図解
※記事などの内容は2019年12月12日掲載時のものです
電力会社に対する法人事業税(都道府県税)について、他の一般企業と同様の課税方式を一部で導入することが決まった。地域独占が担保された電力会社には、経費を差し引いた後の所得ではなく、収入金全体をベースにした課税方式を例外的に適用し、重い負担を課してきた。しかし、近年の小売り自由化による競争激化などを踏まえ、70年ぶりに見直しを実施。電力会社にとっては実質的な減税で、都道府県の減収額は約40億~50億円と見込まれる。

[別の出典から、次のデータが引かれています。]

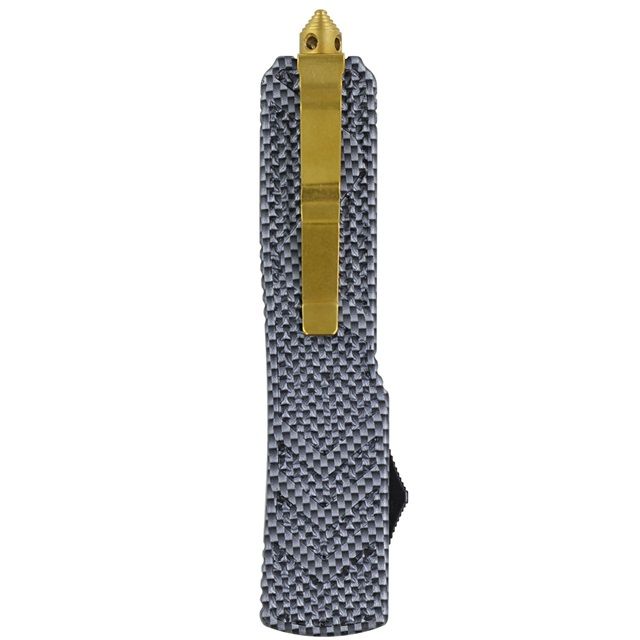 Tarantula Carbon Fiber D/A OTF Automatic Knife Etched Gold Tanto Blade. Specifications: Blade material: Stainless steel Handle material: Silver carbon fiber Blade Style: Tanto Blade finish: Gold Handle finish: Textured Includes: Black nylon pouch, pocket clip, screws Size: Large Mechanism: Automatic out-the-front (OTF) Features: Etched design Textured silver carbon fiber handle for secure grip Non-slip grip on both sides of handle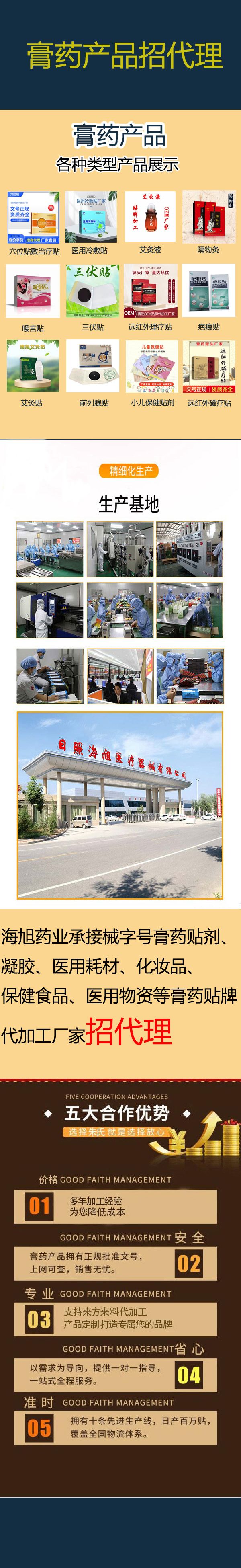 海旭醫(yī)療主要承接各類暖宮貼定制、遠紅外理療貼代加工、磁療貼貼牌加工、穴位敷貼廠家、灸熱貼代加工、退熱貼代加工、燙熨治療包定制、小兒咳 喘腹瀉膏藥定制加工、艾灸貼定制、化妝品定制、保健食品定制、噴劑、乳膏類加 工等醫(yī)院臨床和終端診所所需的系列產(chǎn)品。公司的經(jīng)營范圍有:骨科,婦科、男科、手術(shù)科、五官科和小兒科等。

2016年度の小売り事業自由化の他、20年度には送配電事業を発電・小売り事業から切り離し、分社化することが義務付けられるなど、電力会社をめぐる環境が変化。経済産業省などが新規参入業者と同じ課税方式への見直しを求めたのに対し、全国知事会など地方側は「要望通り見直せば1500億円以上の減収になる」などと強く反発した。

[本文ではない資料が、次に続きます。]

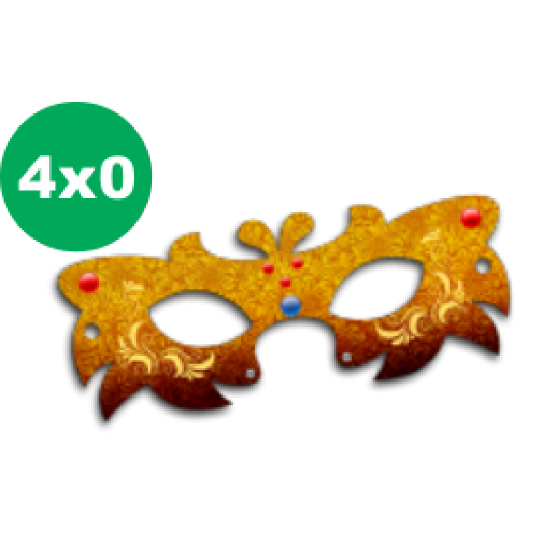 250 Máscaras - 20,18x8,8cm - 4x0 cores - Couché 300g - Corte especial padrão e laminação total brilho frente
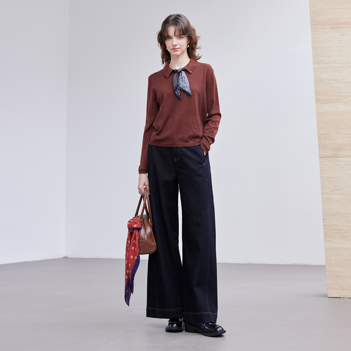 女 针织上衣复古通勤简约针织衫 纳纹25秋季 POLO领飘带长袖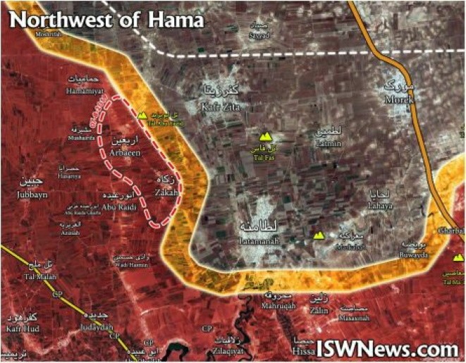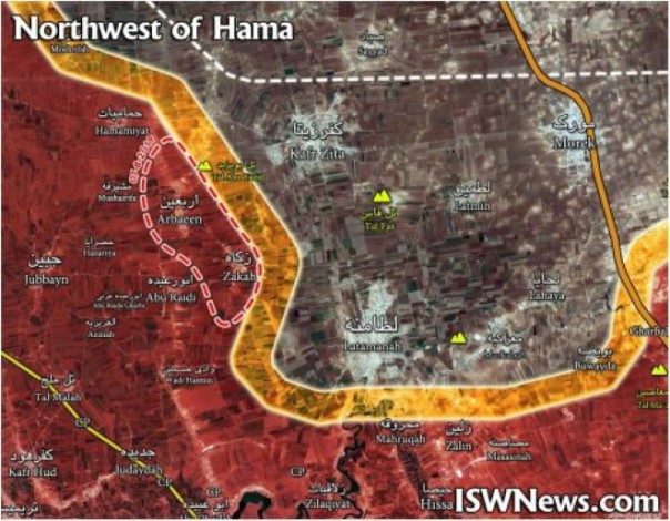 По некоторым данным, правительственные силы перешли к штурму населенного пункта Кафр-Зета, который долгое время представлял собой важный оплот террористов. В случае успеха операции в ближайшие несколько дней правительственные силы смогут выйти к окраинам Хан-Шейхуна и Мурека, отрезав «Аль-Латаминский выступ» фронта в Хаме. Источник

政府・与党は自治体財政への影響がなるべく小さくなるよう調整。最終的に、発電・小売り事業全体の税収のうち約2割分について、他の企業と同じく従業員らの給与総額などに応じた課税方式を導入することにした。
これに伴い全都道府県で約180億円の減収となるが、電力会社に対して特例的に認めている軽油引取税(都道府県税)などの減免措置を19年度限りで廃止し、減収額を約40億~50億円に圧縮。さらに地方交付税による穴埋めも行い、原子力発電所の立地県などの大幅減収を避ける考えだ。